Your understanding looks quite right!
Reviewed-by: Frederic Weisbecker <frederic@kernel.org>
Since the issue is there for 3 years now and was introduced with
the CONFIG_LAZY_RCU new feature, it can probably wait a few weeks
for the next merge window.
--
Frederic Weisbecker
SUSE Labs
On Thu, 2025-07-17 at 15:34 +0200, Frederic Weisbecker wrote:
>
> External email : Please do not click links or open attachments until
> you have verified the sender or the content.
>
>
> Le Thu, Jul 17, 2025 at 01:53:38PM +0800, Tze-nan Wu a écrit :
> > We observed a regression in our customer’s environment after
> > enabling
> > CONFIG_LAZY_RCU. In the Android Update Engine scenario, where
> > ioctl() is
> > used heavily, we found that callbacks queued via call_rcu_hurry
> > (such as
> > percpu_ref_switch_to_atomic_rcu) can sometimes be delayed by up to
> > 5
> > seconds before execution. This occurs because the new grace period
> > does
> > not start immediately after the previous one completes.
> >
> > The root cause is that the wake_nocb_gp_defer() function now checks
> > "rdp->nocb_defer_wakeup" instead of "rdp_gp->nocb_defer_wakeup". On
> > CPUs
> > that are not rcuog, "rdp->nocb_defer_wakeup" may always be
> > RCU_NOCB_WAKE_NOT. This can cause "rdp_gp->nocb_defer_wakeup" to be
> > downgraded and the "rdp_gp->nocb_timer" to be postponed by up to 10
> > seconds, delaying the execution of hurry RCU callbacks.
> >
> > The trace log of one scenario we encountered is as follow:
> > // previous GP ends at this point
> > rcu_preempt [000] d..1. 137.240210: rcu_grace_period:
> > rcu_preempt 8369 end
> > rcu_preempt [000] ..... 137.240212: rcu_grace_period:
> > rcu_preempt 8372 reqwait
> > // call_rcu_hurry enqueues "percpu_ref_switch_to_atomic_rcu", the
> > callback waited on by UpdateEngine
> > update_engine [002] d..1. 137.301593: __call_rcu_common: wyy:
> > unlikely p_ref = 00000000********. lazy = 0
> > // FirstQ on cpu 2 rdp_gp->nocb_timer is set to fire after 1
> > jiffy (4ms)
> > // and the rdp_gp->nocb_defer_wakeup is set to RCU_NOCB_WAKE
> > update_engine [002] d..2. 137.301595: rcu_nocb_wake:
> > rcu_preempt 2 FirstQ on cpu2 with rdp_gp (cpu0).

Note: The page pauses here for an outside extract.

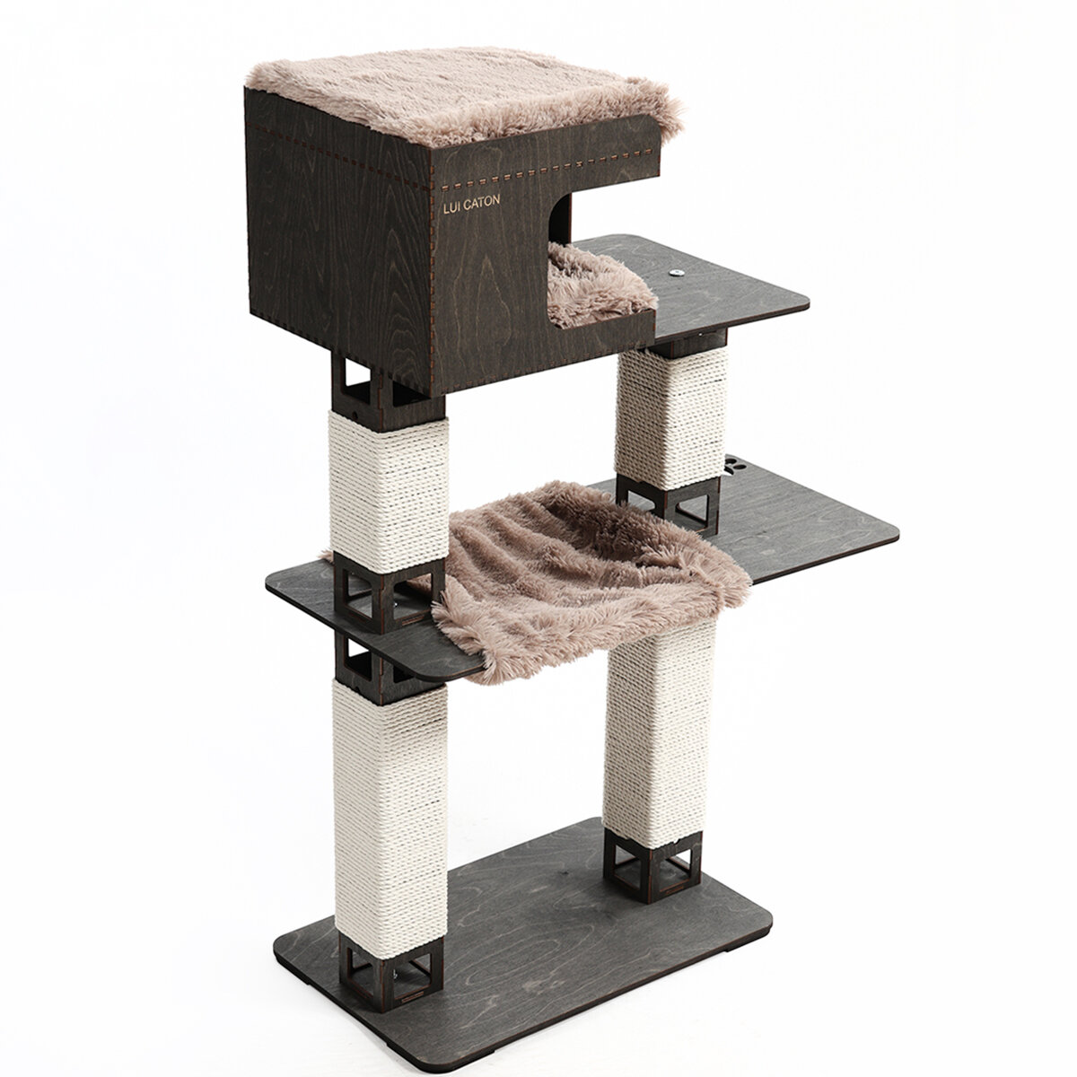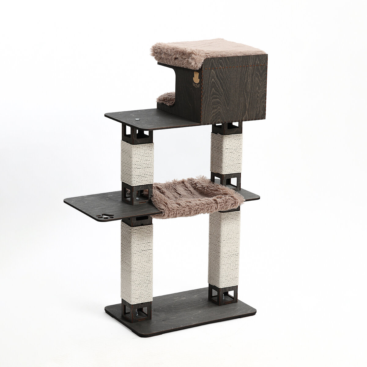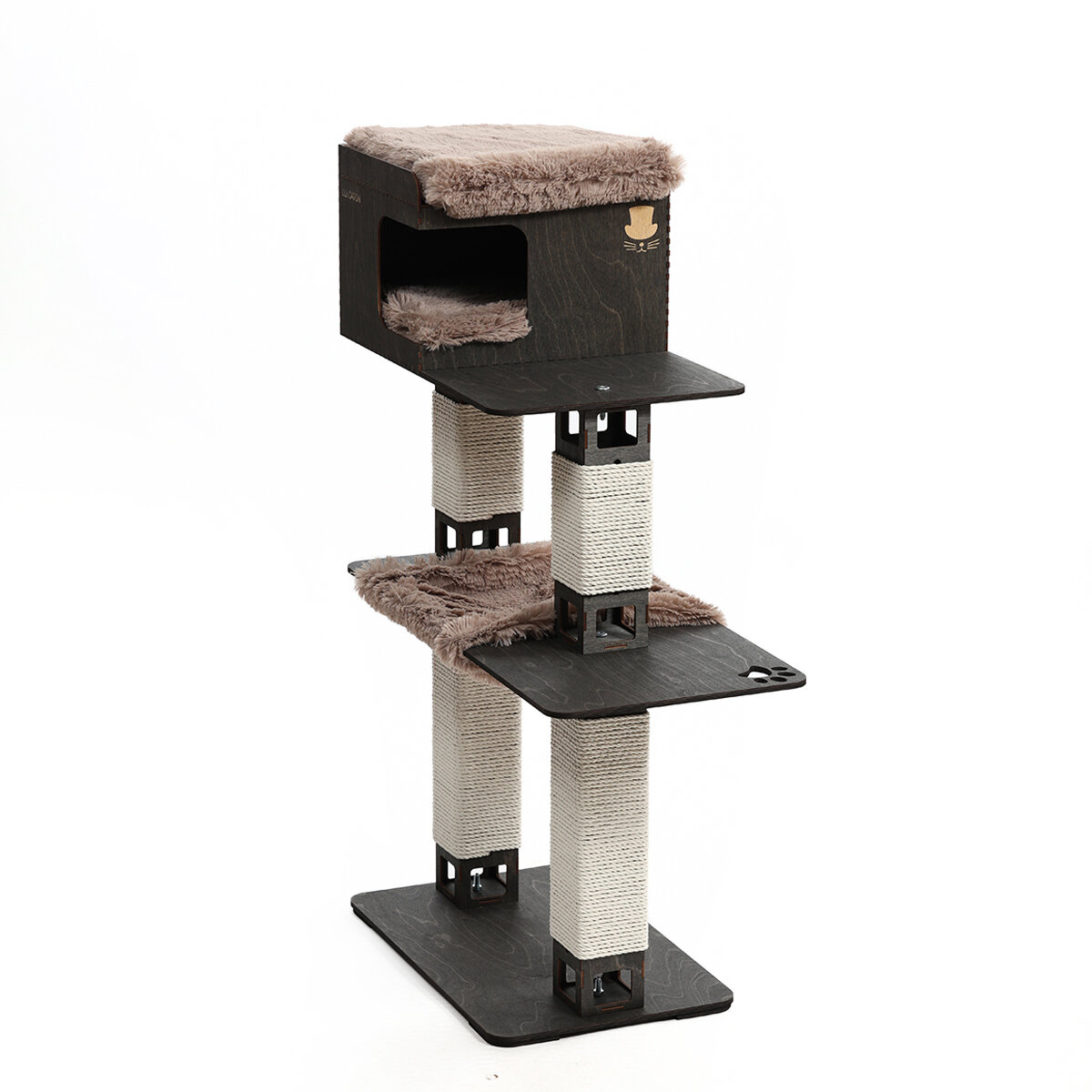 Домик для кошки - новинка от LUI CATON с домиком, гамаком, когтеточкой и лежанками. Это новая модель отличается широкой функциональностью и стильным дизайном. Игровой комплекс имеет следующие размеры в собранном виде: 40х70х110 см. Игровой комплекс идеально подходит большинству пород кошек и котов. Очень интересен для котят и в тоже время удобен для пожилых кошек, которым не хочется или нельзя прыгать. Благодаря боковой полке кошка может без резких движений подниматься и спускаться по игровому комплексу. Плотная намотка джутового каната. Под брендом LUI CATON вы можете приобрести товары для животных ручной работы наивысшего качества.

> > // FirstBQ event on cpu2 during the 1 jiffy, make the timer
> > postpond 10 seconds later.
> > // also, the rdp_gp->nocb_defer_wakeup is overwrite to
> > RCU_NOCB_WAKE_LAZY
> > update_engine [002] d..1. 137.301601: rcu_nocb_wake:
> > rcu_preempt 2 WakeEmptyIsDeferred
> > ...
> > ...
> > ...
> > // before the 10 seconds timeout, cpu0 received another
> > call_rcu_hurry
> > // reset the timer to jiffies+1 and set the waketype =
> > RCU_NOCB_WAKE.
> > kworker/u32:0 [000] d..2. 142.557564: rcu_nocb_wake:
> > rcu_preempt 0 FirstQ
> > kworker/u32:0 [000] d..1. 142.557576: rcu_nocb_wake:
> > rcu_preempt 0 WakeEmptyIsDeferred
> > kworker/u32:0 [000] d..1. 142.558296: rcu_nocb_wake:
> > rcu_preempt 0 WakeNot
> > kworker/u32:0 [000] d..1. 142.558562: rcu_nocb_wake:
> > rcu_preempt 0 WakeNot
> > // idle(do_nocb_deferred_wakeup) wake rcuog due to waketype ==
> > RCU_NOCB_WAKE
> > <idle> [000] d..1. 142.558786: rcu_nocb_wake:
> > rcu_preempt 0 DoWake
> > <idle> [000] dN.1. 142.558839: rcu_nocb_wake:
> > rcu_preempt 0 DeferredWake
> > rcuog/0 [000] ..... 142.558871: rcu_nocb_wake:
> > rcu_preempt 0 EndSleep
> > rcuog/0 [000] ..... 142.558877: rcu_nocb_wake:
> > rcu_preempt 0 Check
> > // finally rcuog request a new GP at this point (5 seconds after
> > the FirstQ event)
> > rcuog/0 [000] d..2. 142.558886: rcu_grace_period:
> > rcu_preempt 8372 newreq
> > rcu_preempt [001] d..1. 142.559458: rcu_grace_period:
> > rcu_preempt 8373 start
> > ...
> > rcu_preempt [000] d..1. 142.564258: rcu_grace_period:
> > rcu_preempt 8373 end
> > rcuop/2 [000] D..1. 142.566337: rcu_batch_start:
> > rcu_preempt CBs=219 bl=10
> > // the hurry CB is invoked at this point
> > rcuop/2 [000] b.... 142.566352:
> > blk_queue_usage_counter_release: wyy: wakeup. p_ref =
> > 00000000********.
> >
> > This patch changes the condition to check "rdp_gp-
> > >nocb_defer_wakeup" in
> > the lazy path. This prevents an already scheduled "rdp_gp-
> > >nocb_timer"
> > from being postponed and avoids overwriting "rdp_gp-
> > >nocb_defer_wakeup"
> > when it is not RCU_NOCB_WAKE_NOT.
> >
> > Fixes: 3cb278e73be5 ("rcu: Make call_rcu() lazy to save power")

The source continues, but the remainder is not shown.